AWS provider's `accelerator` label has reservation-scoped semantics, diverging from other MNNVL-aware providers

# AWS provider's `accelerator` label has reservation-scoped semantics, diverging from other MNNVL-aware providers

## Context

Topograph's `network.topology.nvidia.com/accelerator` label is defined as an accelerated interconnect domain identifier — in practice, operators treat it as "same-value → same NVLink fabric". Four of topograph's five providers that emit this label honor that contract by deriving the value from a Fabric-Manager-derived NVLink clique ID:

| Provider | Source of `accelerator` value |
|---|---|
| `dra` | `nvidia.com/gpu.clique` label from the NVIDIA GPU Operator ([`pkg/providers/dra/provider.go`](https://github.com/NVIDIA/topograph/blob/main/pkg/providers/dra/provider.go#L28)) |
| `infiniband-bm` | `ClusterUUID.CliqueId` via `nvidia-smi` ([`pkg/providers/infiniband/bm.go`](https://github.com/NVIDIA/topograph/blob/main/pkg/providers/infiniband/bm.go#L24-L36)) |
| `infiniband-k8s` | `ClusterUUID.CliqueId` from the device plugin's annotations ([`pkg/providers/infiniband/k8s.go`](https://github.com/NVIDIA/topograph/blob/main/pkg/providers/infiniband/k8s.go#L97-L123)) |
| `lambdai` | `NVLink.DomainID.CliqueID` from the Lambda AI API ([`pkg/providers/lambdai/provider.go`](https://github.com/NVIDIA/topograph/blob/main/pkg/providers/lambdai/provider.go#L71)) |

The AWS provider is the exception — it derives `accelerator` from AWS's `CapacityBlockId` attribute:

```go
// pkg/providers/aws/instance_topology.go:110-111
if inst.CapacityBlockId != nil {
    topo.AcceleratorID = *inst.CapacityBlockId
}
```

Per the [AWS EC2 API reference for `InstanceTopology`](https://docs.aws.amazon.com/AWSEC2/latest/APIReference/API_InstanceTopology.html), on UltraServer instances `CapacityBlockId` "identifies instances within the UltraServer domain" — it is a **reservation-scoped identifier**, not an NVLink-partition identifier. AWS's explicit "same NVLink domain" label is [`topology.k8s.aws/ultraserver-id`](https://docs.aws.amazon.com/sagemaker/latest/dg/sagemaker-hyperpod-topology.html).

## Why this matters

Per the Run:ai [canonical definition](https://run-ai-docs.nvidia.com/saas/platform-management/aiinitiatives/resources/using-gb200), a clique is "a logical split of the MNNVL into smaller domains". An UltraServer can contain multiple cliques (e.g., an x72 split into two x36 halves), and a clique can be absent when NVIDIA Fabric Manager has not completed init (NVML reports `NVML_GPU_FABRIC_STATE_COMPLETED` is required before the label is written).

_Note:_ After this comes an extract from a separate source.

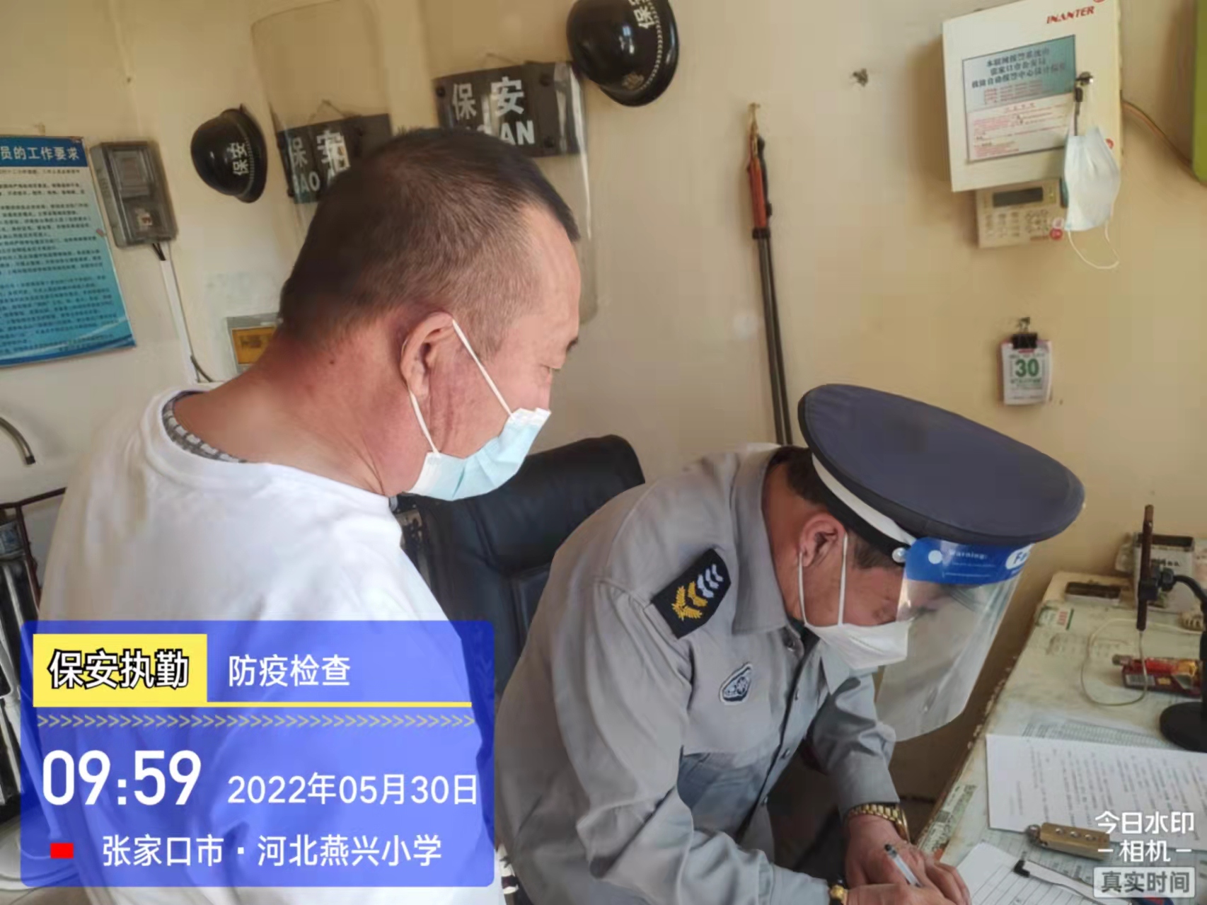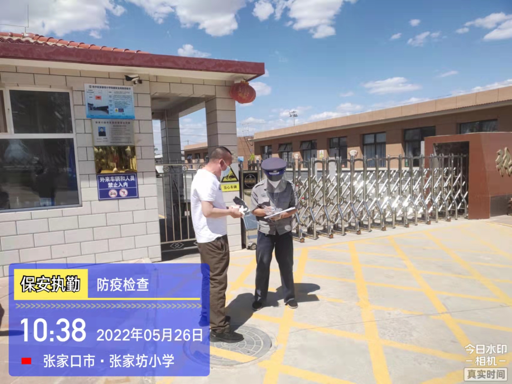 會后,我公司迅速召開“疫情期間學(xué)校門衛(wèi)安全防控工作要求”的會議,制定了校園安全防疫規(guī)定:疫情防控期間,校園保安隊員必須穿制服,規(guī)范佩戴“三件套”(防護隔離面罩、N95口罩、一次性PVC手套);進出校園的師生必須測量體溫,外來人員需登記、測溫、掃碼(幸福張家口,呈綠碼)、且持7日內(nèi)核酸陰性檢測結(jié)果;保安室需保持干凈整潔,物品擺放有序,勤開窗通風(fēng),定期噴灑消毒藥水。為此,公司特成立校園防疫檢查小組,由副經(jīng)理帶隊,協(xié)同主管大隊長對經(jīng)開區(qū)所有中小學(xué)校安保崗位進行防疫工作檢查,檢查期間,發(fā)現(xiàn)問題,現(xiàn)場處理,并及時與校方領(lǐng)導(dǎo)溝通,杜絕同樣問題再次出現(xiàn),確保校園防疫安保工作萬無一失,為各校師生鑄就一道安全防線!

The practical consequence is that two nodes with the same `network.topology.nvidia.com/accelerator` value can mean:

- **On DRA / InfiniBand / Lambda AI providers**: same NVLink fabric (operator's likely mental model)
- **On the AWS provider**: same UltraServer reservation, which is co-extensive with the UltraServer-level MNNVL domain on P6e-GB200 but may contain multiple cliques — so "same accelerator" is coarser than "same NVLink partition"

Empirical data from an NVIDIA-internal cluster confirms the N-cliques-per-CapacityBlock case in production: multiple distinct `nvidia.com/gpu.clique` values were observed within a single `topology.k8s.aws/capacity-block-id`, with some Capacity Blocks having no clique ID at all.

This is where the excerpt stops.